(Data for the task begins)
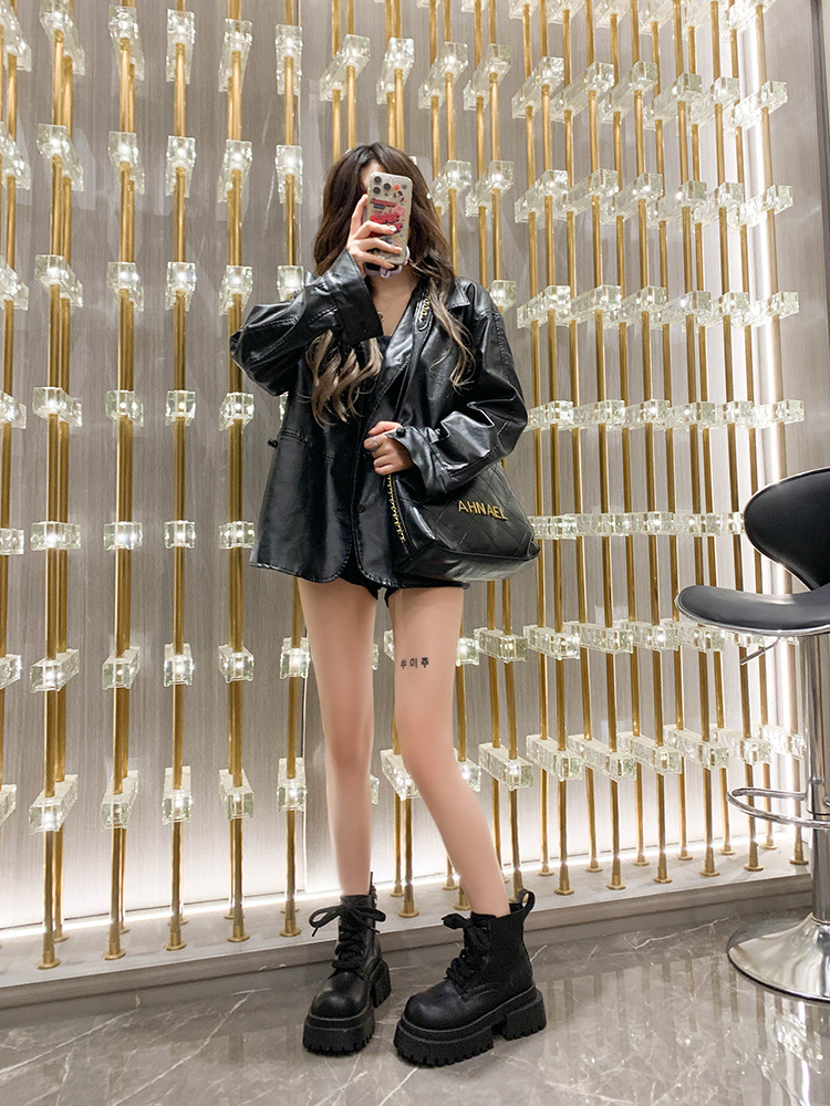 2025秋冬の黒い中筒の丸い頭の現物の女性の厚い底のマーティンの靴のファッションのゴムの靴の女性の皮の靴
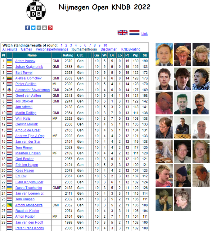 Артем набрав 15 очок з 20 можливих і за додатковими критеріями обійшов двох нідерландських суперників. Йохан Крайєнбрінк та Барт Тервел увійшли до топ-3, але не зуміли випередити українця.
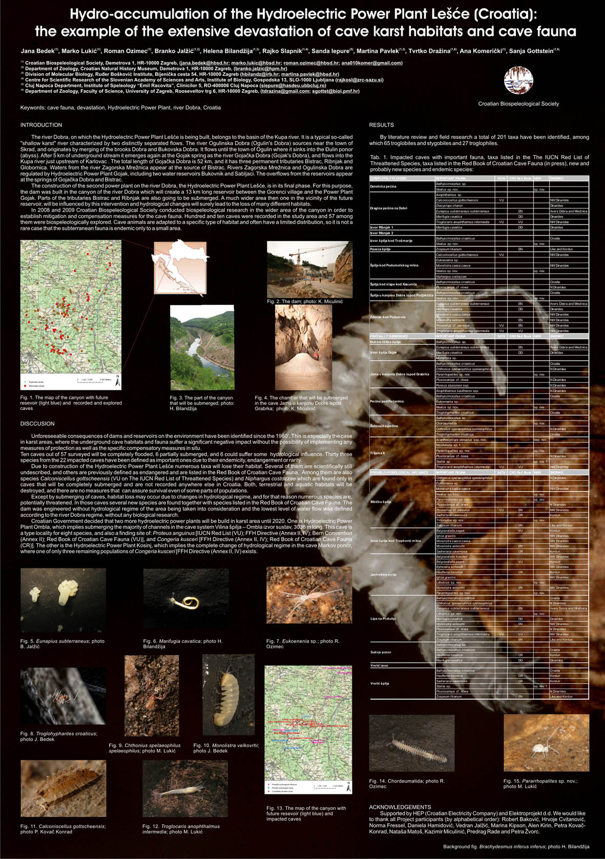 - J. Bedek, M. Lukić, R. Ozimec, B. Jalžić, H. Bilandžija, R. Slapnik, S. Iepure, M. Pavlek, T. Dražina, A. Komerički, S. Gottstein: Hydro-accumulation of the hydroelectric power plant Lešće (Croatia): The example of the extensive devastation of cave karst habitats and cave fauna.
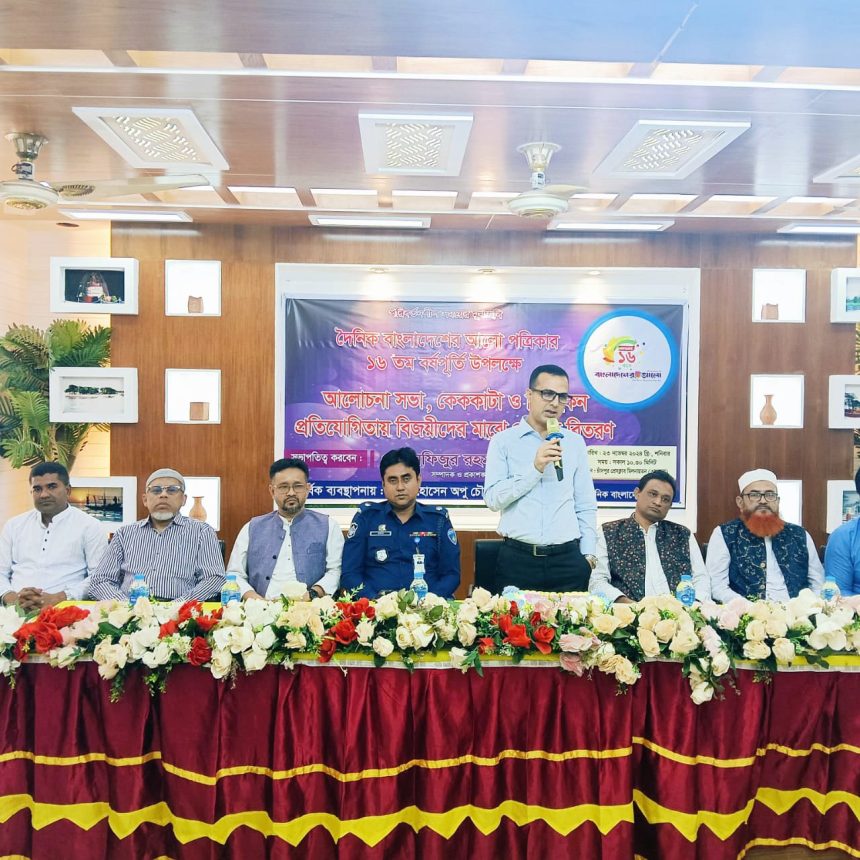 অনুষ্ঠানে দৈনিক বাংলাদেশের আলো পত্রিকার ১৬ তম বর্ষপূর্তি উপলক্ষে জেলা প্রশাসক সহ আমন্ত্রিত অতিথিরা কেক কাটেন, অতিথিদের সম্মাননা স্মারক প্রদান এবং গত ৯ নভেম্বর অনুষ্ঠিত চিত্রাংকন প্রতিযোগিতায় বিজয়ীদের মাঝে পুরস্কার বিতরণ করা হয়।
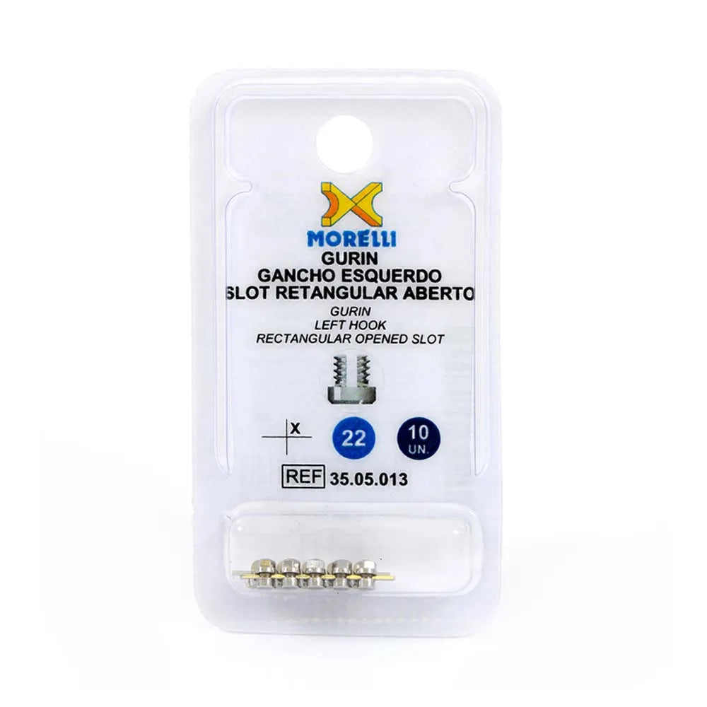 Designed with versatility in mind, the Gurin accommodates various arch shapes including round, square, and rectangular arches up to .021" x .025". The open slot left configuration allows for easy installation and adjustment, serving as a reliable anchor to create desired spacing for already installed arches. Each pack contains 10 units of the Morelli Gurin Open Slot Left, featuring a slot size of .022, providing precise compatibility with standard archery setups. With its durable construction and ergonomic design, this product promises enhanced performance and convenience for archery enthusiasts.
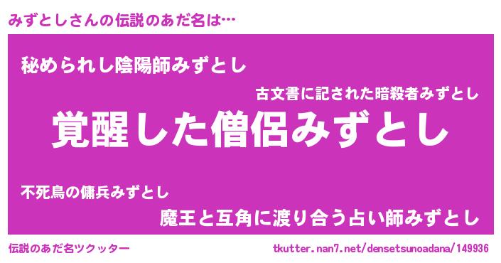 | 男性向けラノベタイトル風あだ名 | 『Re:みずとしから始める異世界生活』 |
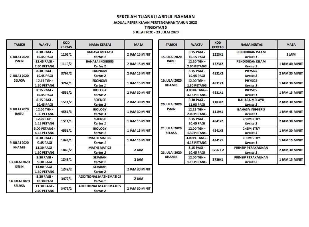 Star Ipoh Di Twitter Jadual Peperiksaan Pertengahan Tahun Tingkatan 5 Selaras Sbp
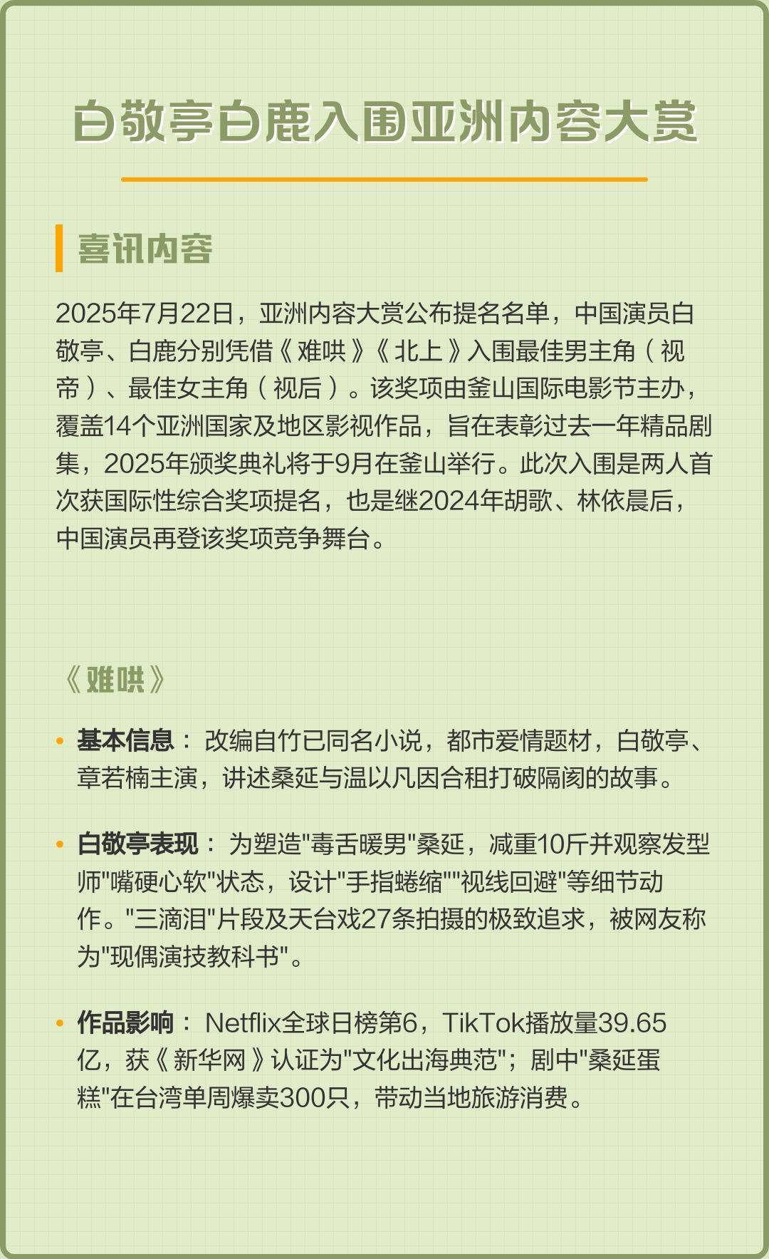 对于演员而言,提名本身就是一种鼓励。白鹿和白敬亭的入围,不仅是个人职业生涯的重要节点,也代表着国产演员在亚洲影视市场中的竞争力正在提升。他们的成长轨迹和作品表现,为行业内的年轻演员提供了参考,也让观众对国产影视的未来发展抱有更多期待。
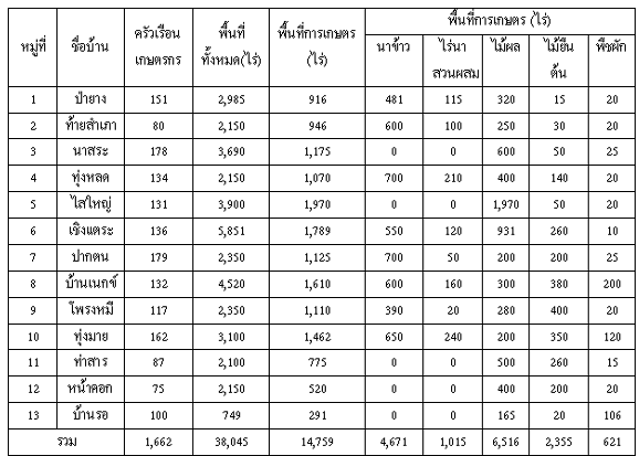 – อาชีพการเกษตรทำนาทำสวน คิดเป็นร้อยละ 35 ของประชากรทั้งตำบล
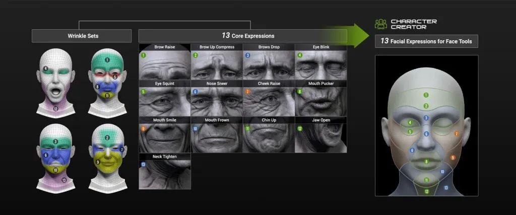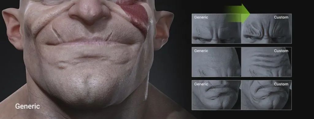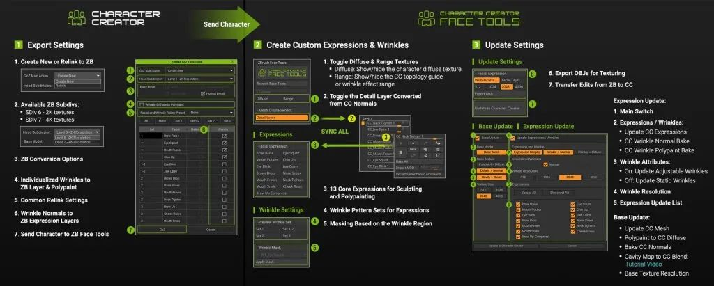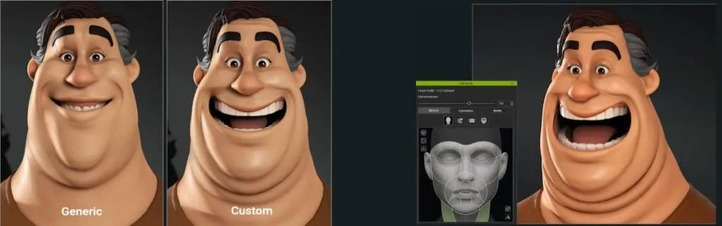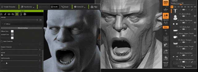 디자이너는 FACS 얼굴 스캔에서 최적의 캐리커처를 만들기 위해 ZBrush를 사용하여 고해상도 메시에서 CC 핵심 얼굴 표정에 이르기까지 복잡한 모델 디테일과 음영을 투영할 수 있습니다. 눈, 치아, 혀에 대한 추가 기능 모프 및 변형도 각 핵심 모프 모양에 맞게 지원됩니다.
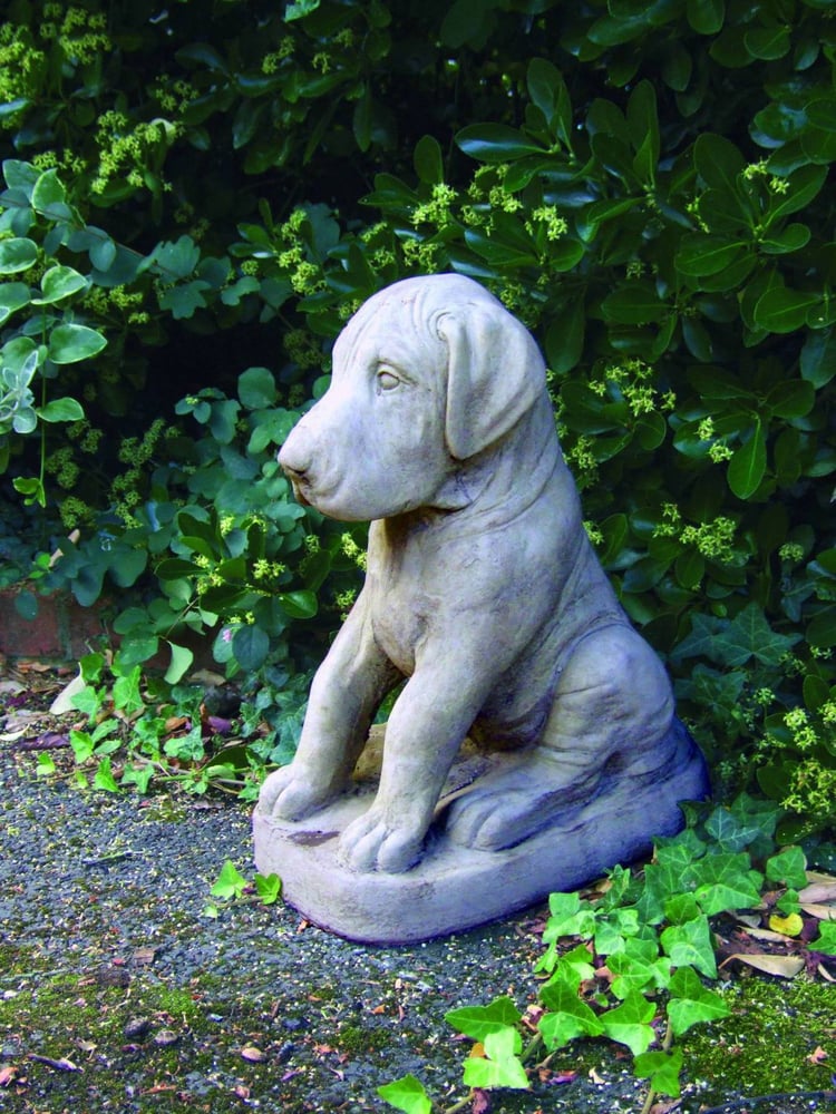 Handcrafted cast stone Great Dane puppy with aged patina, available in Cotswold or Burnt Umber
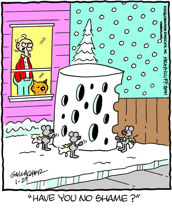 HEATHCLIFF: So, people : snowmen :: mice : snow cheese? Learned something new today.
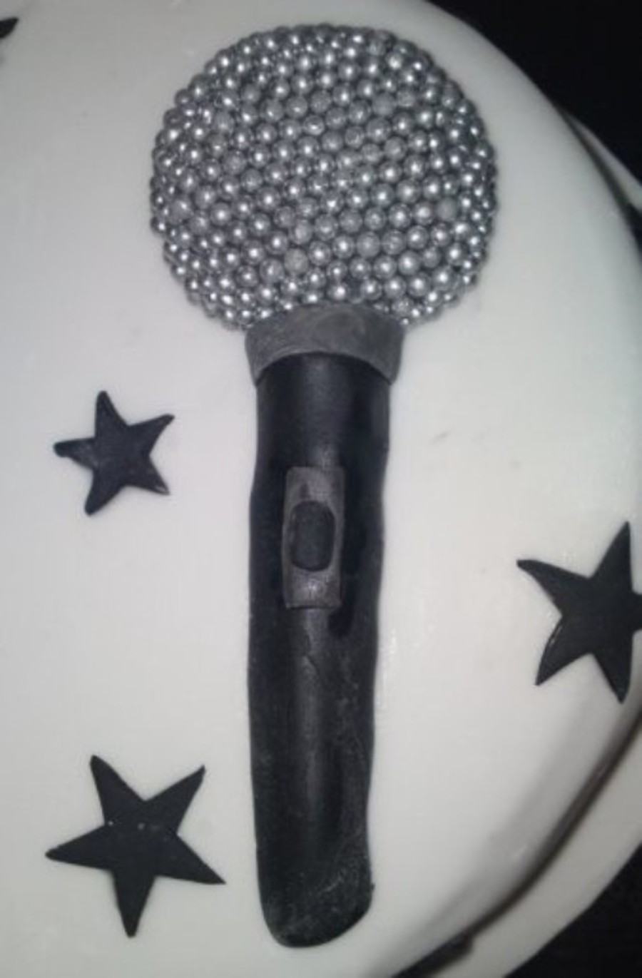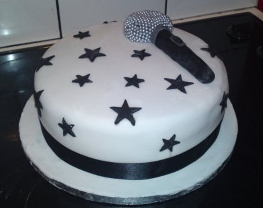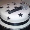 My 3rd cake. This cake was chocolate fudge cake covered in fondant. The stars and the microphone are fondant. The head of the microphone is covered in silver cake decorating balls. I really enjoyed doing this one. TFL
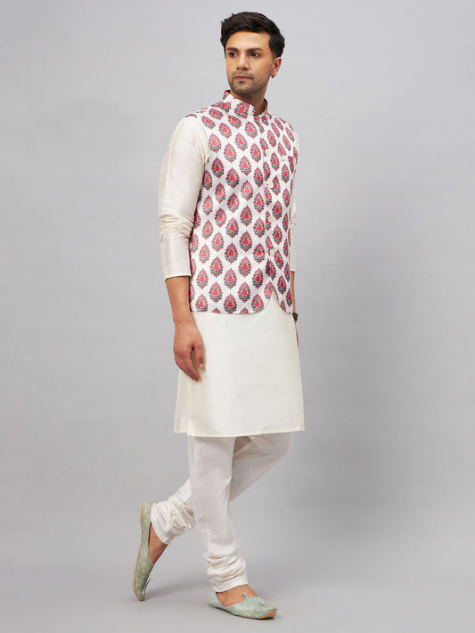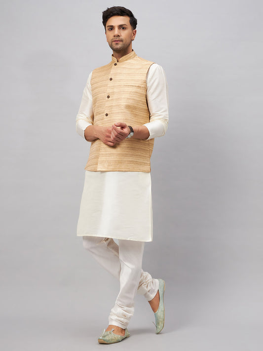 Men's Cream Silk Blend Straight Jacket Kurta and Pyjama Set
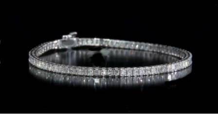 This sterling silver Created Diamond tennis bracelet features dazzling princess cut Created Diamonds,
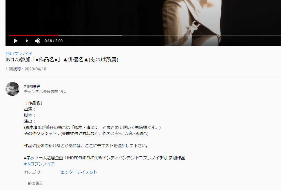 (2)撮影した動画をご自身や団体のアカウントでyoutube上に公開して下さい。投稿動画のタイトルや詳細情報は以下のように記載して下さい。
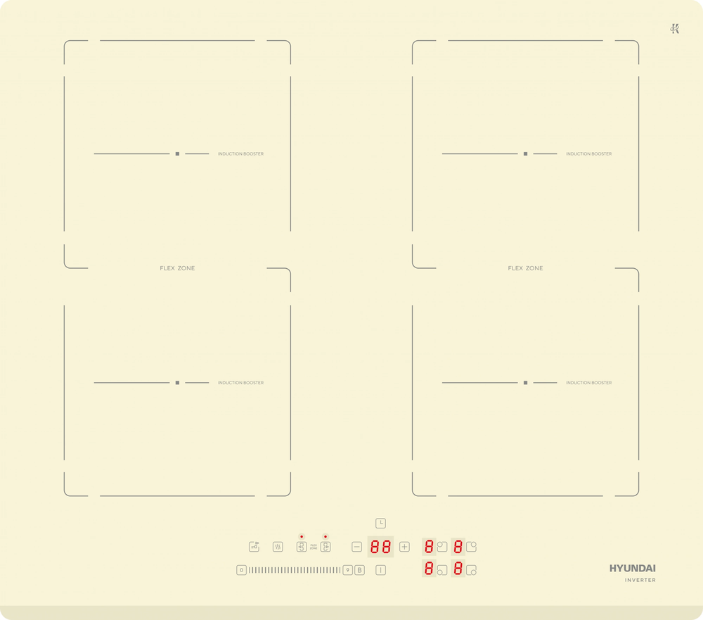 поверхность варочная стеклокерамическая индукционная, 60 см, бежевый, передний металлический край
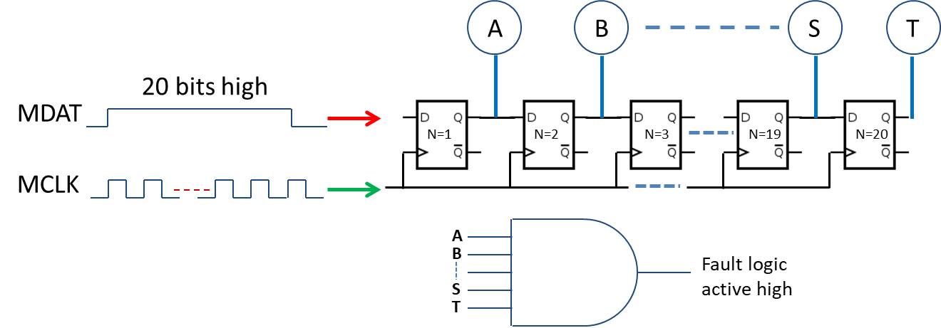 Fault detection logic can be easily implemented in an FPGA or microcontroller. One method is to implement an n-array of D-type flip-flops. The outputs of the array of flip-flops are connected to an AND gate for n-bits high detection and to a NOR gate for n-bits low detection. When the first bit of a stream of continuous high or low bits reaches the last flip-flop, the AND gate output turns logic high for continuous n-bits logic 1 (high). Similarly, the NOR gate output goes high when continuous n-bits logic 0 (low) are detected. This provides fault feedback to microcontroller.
(Data for the task ends)
▸ Exercise: Instructions for the copy: start at the first entry, stop after the line containing "Артем набрав 15", keep every line exact, and drop the pictures.

▸ Expected answer:
 2025秋冬の黒い中筒の丸い頭の現物の女性の厚い底のマーティンの靴のファッションのゴムの靴の女性の皮の靴
 Артем набрав 15 очок з 20 можливих і за додатковими критеріями обійшов двох нідерландських суперників. Йохан Крайєнбрінк та Барт Тервел увійшли до топ-3, але не зуміли випередити українця.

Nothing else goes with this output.